In 2008, a study showed Neuroaid does not modify hemostasis, hematology, and biochemistry in normal subjects and stroke patients. This clinical trial found no interaction of NeuroAid with aspirin. Moreover, the treatment does not increase the risk of bleeding, thrombosis, and has no effect on blood pressure, liver, or kidneys functions.
A study in rodents indicated that MLC 901 had neuroprotective, neuroplasticity and neuroproliferative (neurogenesis) effects.
In 2009, a paper summarized unpublished data on a clinical trial comparing Neuroaid to another traditional Chinese medicine (Buchang Naoxintong Jiaonang) on 605 patients in post stroke recovery. Patients started Neuroaid at least two weeks and less than 6 month after their stroke. The research showed that patients taking Neuroaid had a greater improvement in a measure of functionality at 1 month of treatment, whereas no significant benefit was observed in either group in terms of neurological deficit score and individual scores. Nausea and vomiting were reported as side effects.

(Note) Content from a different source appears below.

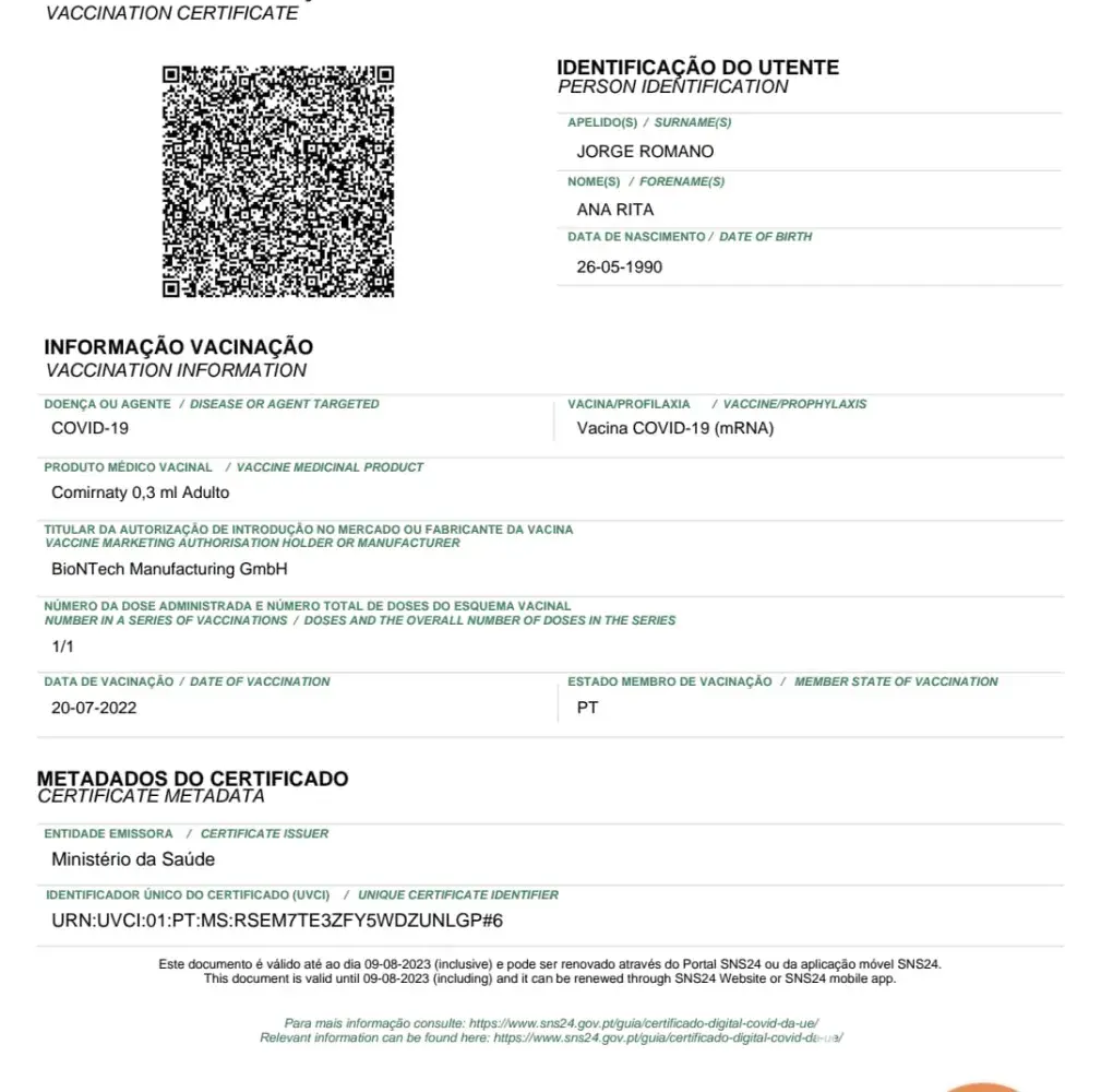 I finally presented all my documentation and they told me I couldn't board and closed the gate. The excuse was that I was unable to show a valid COVID-19 vaccination certificate. I've attached the COVID certificate that I presented at boarding which is a certificate issued by the Portuguese National Health System, with an English translation and clearly stating that I am fully vaccinated against COVID-19 (1/1 = fully vaccinated).

A 2013 systematic review noted limitations in the available evidence, but concluded that there was some evidence that Neuroaid (MLC 601) "could be effective in further improving functional independence and motor recovery and is safe for patients with primarily nonacute stable stroke."

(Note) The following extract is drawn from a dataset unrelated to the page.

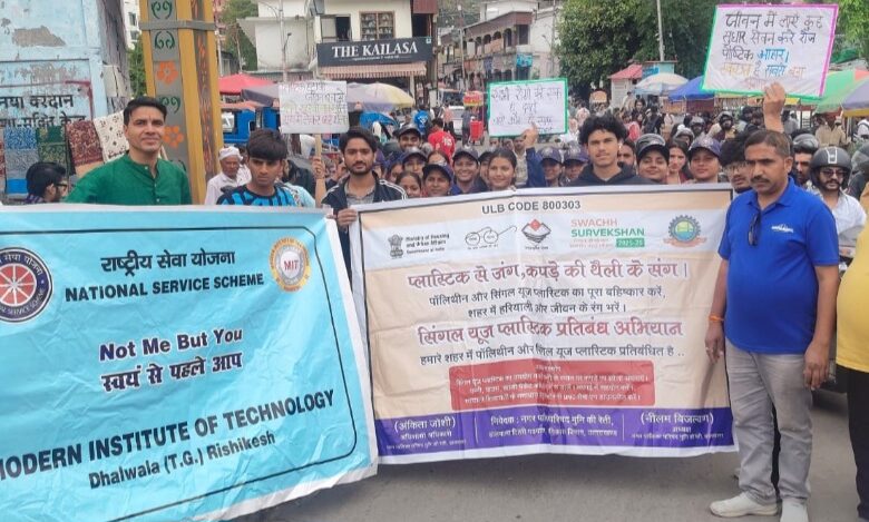 रैली में एमआईटी एनएसएस के समन्वयक डॉ. रितेश जोशी, राजेश चौधरी, योगेश लखेड़ा, नगर पालिका सुपरवाइजर जितेंद्र सिंह सजवाण सहित एनएसएस के सभी स्वयंसेवकों ने उत्साहपूर्वक सहभागिता की। कार्यक्रम के माध्यम से स्वच्छता और पर्यावरण संरक्षण के प्रति सकारात्मक संदेश प्रसारित किया गया।

A study conducted in Asia on 1100 patients, initiated on Neuroaid within 72 hours of the stroke onset as an add on to medication concluded that MLC601 is statistically no better than placebo in improving outcomes at 3 months when used among patients with acute ischemic stroke of intermediate severity.
The double blind placebo-controlled randomized Phase II Pilot study called TIERS was conducted on 40 patients receiving MLC601 3 times a day for four weeks. The treatment was initiated less than one month after the stroke. The results published in 2009 showed that there were no significant statistical differences between the placebo and the Neuroaid groups.